If I were you, I would do as you have done and make the assumption that data was missing at random, and then you can do a sensitivity analysis to check if the difference.

Some of the questions that have been completed may well make predictions about the incomplete answers. Sensitivity analysis is not actually a lot more work, because something like SPSS will do a complete case analysis on the original data as well as the imputed data sets and pool the datasets too.

“If the imputation model contains only those variables in the analysis model, then using the imputed values of the dependent variable does not provide additional information and actually introduces additional error (von Hippel 2007).”
Let's say you are trying to predict what type of car someone's going by, and you know that the predictors are height, age, gender, and socio-economic class. If you have missing data on social economic class, you should not just use height, age and gender when imputing missing data. You should also use other data that you have collected even if it is not in your "model", because they may be important in imputing the missing data, even if they are not related to the outcome. As stated by hlsmith pretty much use all variables to impute missing data.
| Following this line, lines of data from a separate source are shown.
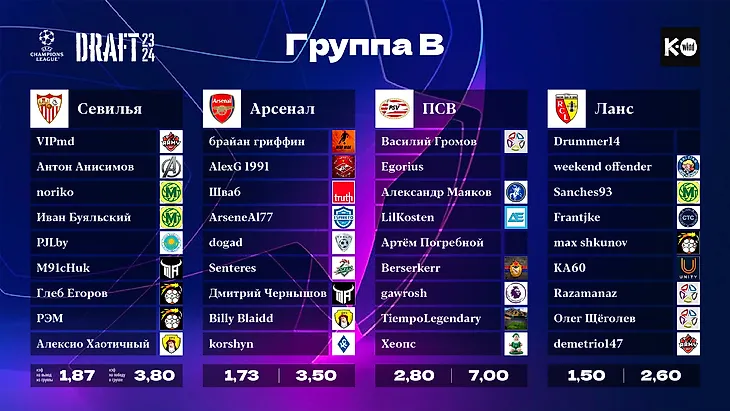Автор Sage Лига Чемпионов 2023/24. Командный драфт. 1й тур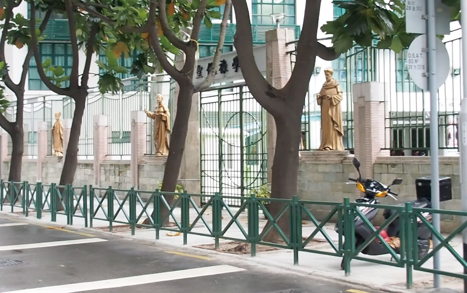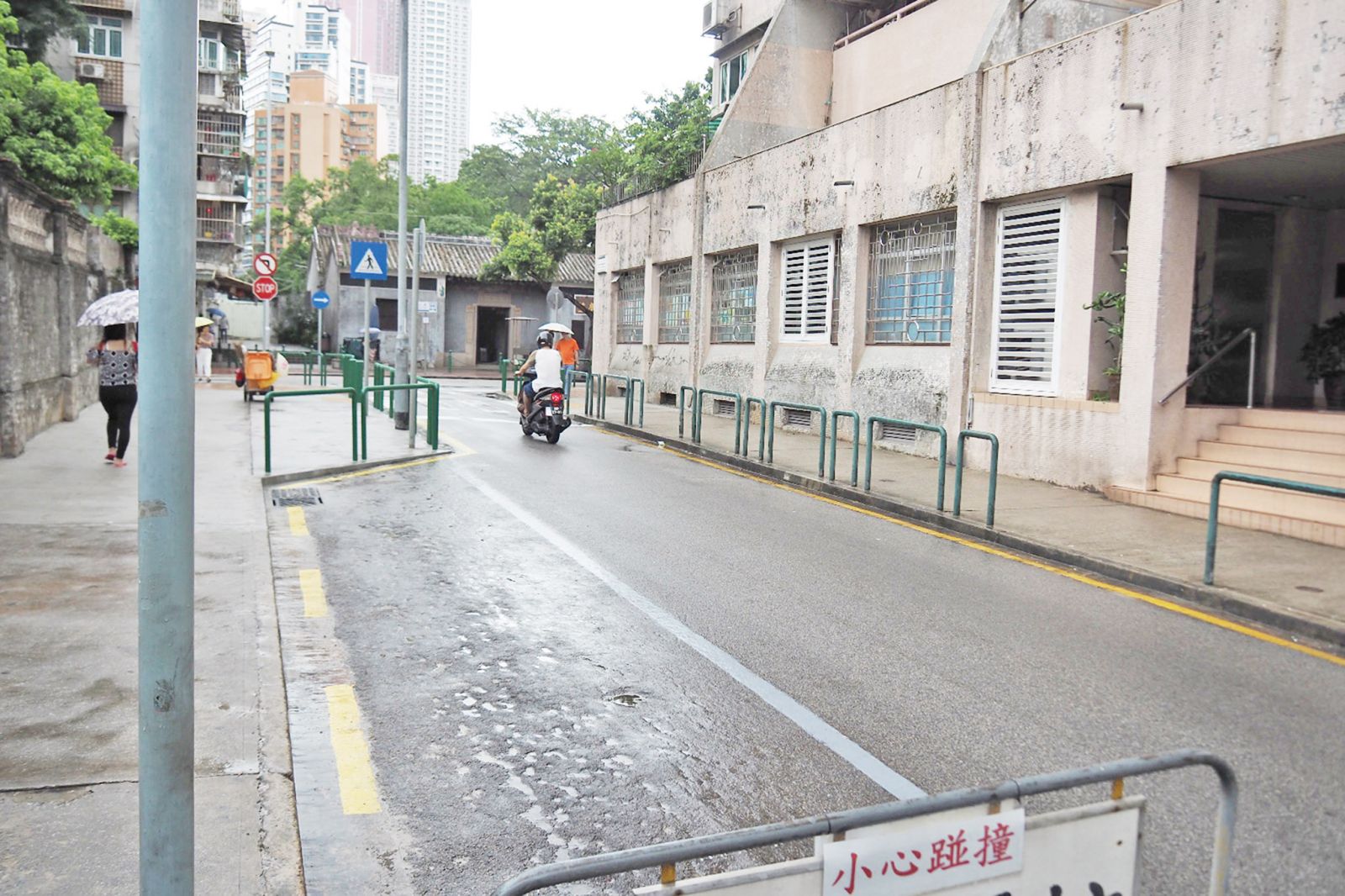 聖保祿學校外,一排電單車位一夜間消失。 (陳宇東攝)
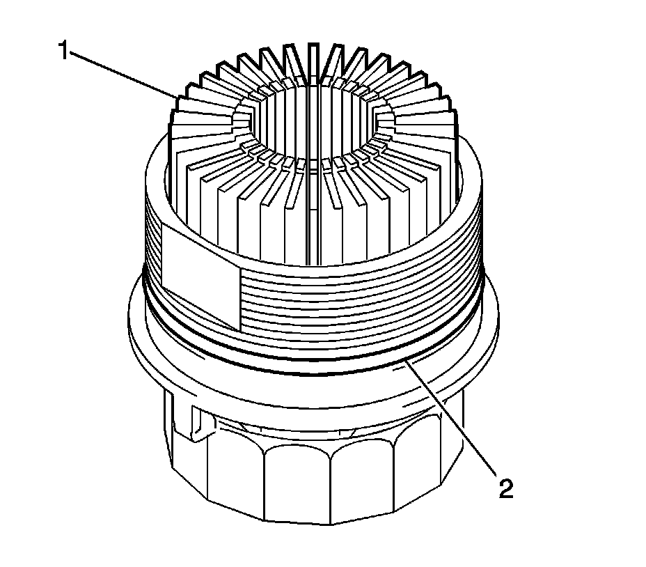 6. Remove oil filter element (1) and O-ring (2) from the oil filter cap.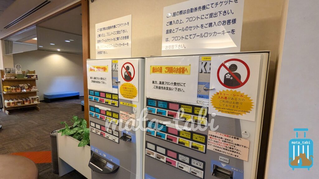 露天風呂があればさらに嬉しいところです。自動販売機がありますがお酒は無し、21時までの売店のみで販売のためご注意ください。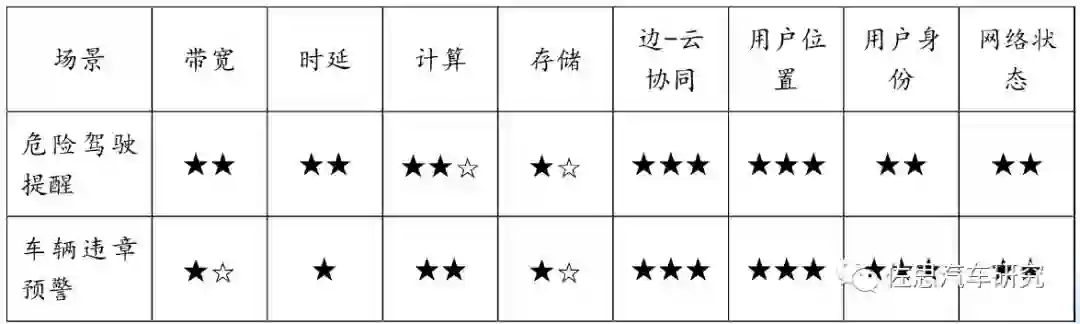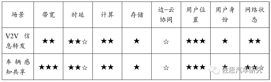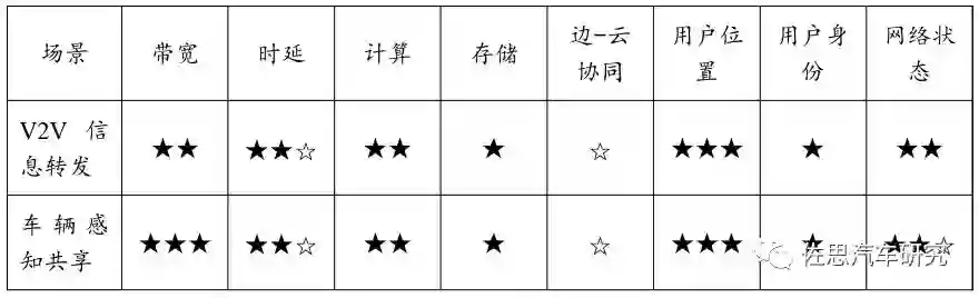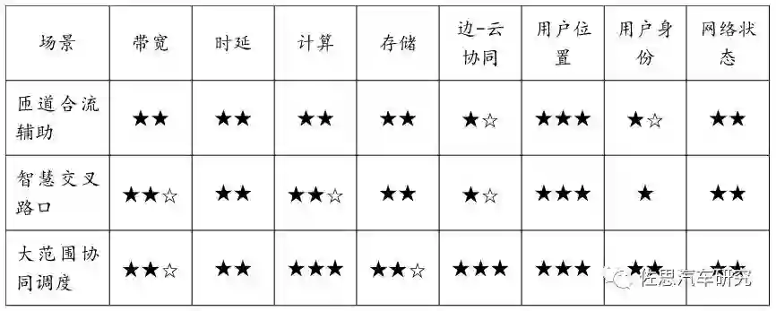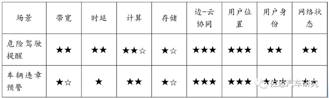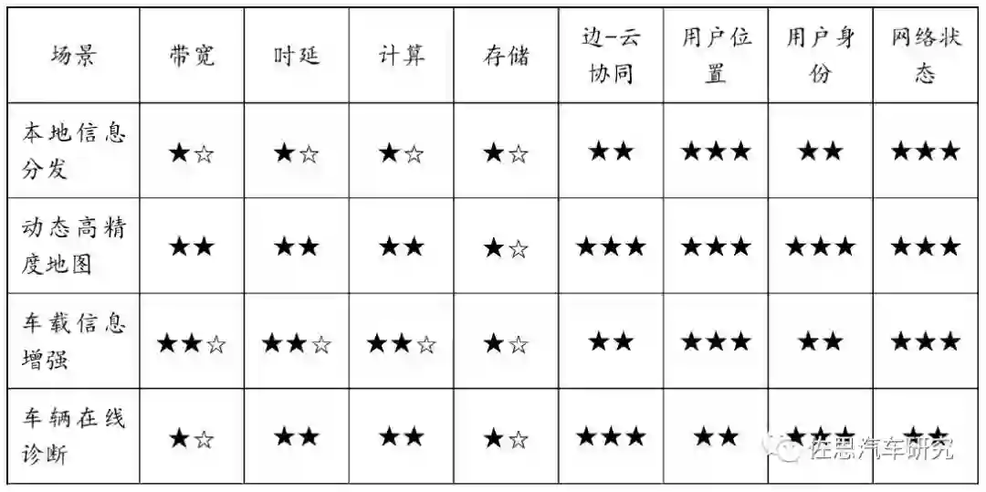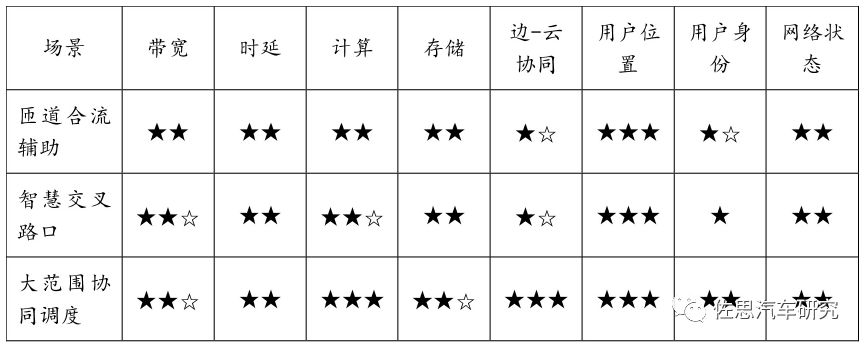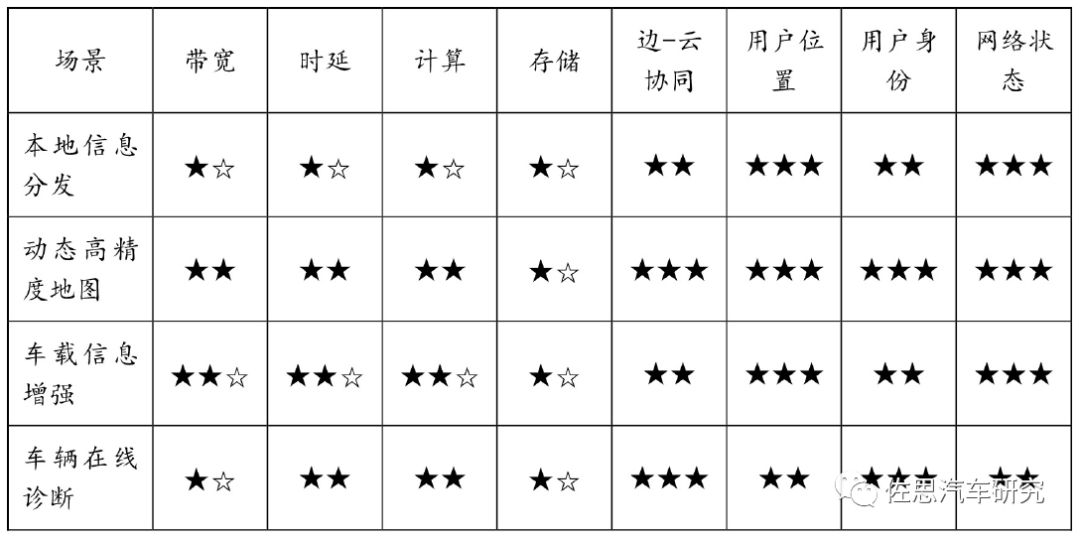 ● 边-云协同/用户位置/用户ID/网络状态:从零星至★★★分别代表了统计意义上对该要求的需求程度,零星表示完全不需要,★★★表示完全必需。

If you do MI in SPSS it will run linear and logistic regression on variables (dichotomous variables are fine). In the final model you should only use those variables that are relevant to your outcome. This may include variables that were complete and were used to in the MI model. All imputed datasets should be analysed, and the results pooled as per Rubin's method:


Hope that is of some help!


Fortran must die
MAR is required for most methods designed to deal with missing data. But, with rare exceptions, there are no test to determine if the data is MAR or MNAR. Most likely you would have to know why the responder did not respond to tell this :p

So in the end you hope that the data is MAR.


Less is more. Stay pure. Stay poor.
Updates, per my post #7, I saw this link:


However, I am not sure how this applies to arbitrary missingness of categorical data, which I currently have. Also, after reading this thread I noticed it lack reference to Little's test for MCAR (which SAS has a macro for) and subsequently following up that procedure with performing a dummy coded missingness logistic regressions to see if dataset variables predict the probability of missingness.


Fortran must die
Sensitivity analysis is recommended for MNAR data, but really does not correct for it. It just shows what problems might result if you have it. Comments I have read in various sorces suggest the test really won't tell you in most cases if the data is MNAR (they exist, but won't really work in most cases).
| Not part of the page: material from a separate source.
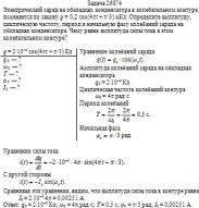 Электрический заряд на обкладках конденсатора в колебательном контуре изменяется по закону q = 0,2 cos(4πt + π/3) мКл. Определите амплитуду, циклическую частоту, период и начальную фазу колебаний заряда на обкладках конденсатора. Чему равна амплитуда силы тока в этом колебательном контуре?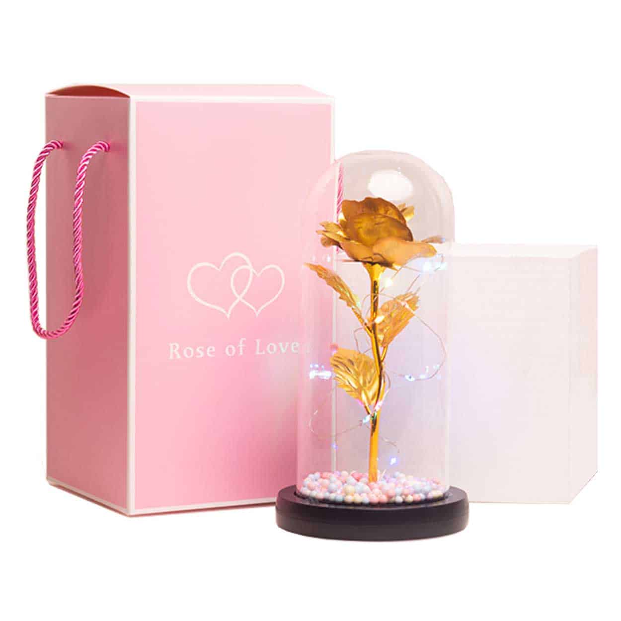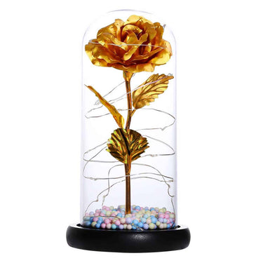 Evighetsros / guldpläterad ros – present i glaskupa – LED-ljus, 2x AAA

As is always true I have collected a tome on this topic from on line sources. When I have some more time I will post some of the links.


Fortran must die
This is for multiple imputations....

"The MCMC algorithm makes the assumption the underlying variables in the imputation model are distributed as a multivariate normal random variable....In the case of continuous variables that are highly skewed or otherwise non-normal in distribution, PROC MI currently enables the user to specify transformations..."
So why would univariate non-normality automatically lead to multivariate non-normality and why would a univariate transformation deal with this problem (multivariate non-normality) if it in fact existed?


Less is more. Stay pure. Stay poor.
I believe combine normal with normal results in normal but this might not be the case with other combos.


Ambassador to the humans
If you have multivariate normal then any marginal distribution will be normal as well. So if you don't have a marginal (univariate) normal then you CANNOT have multivariate normal.

The transformations don't guarantee that you'll end up with normality but sometimes give you something close to normal.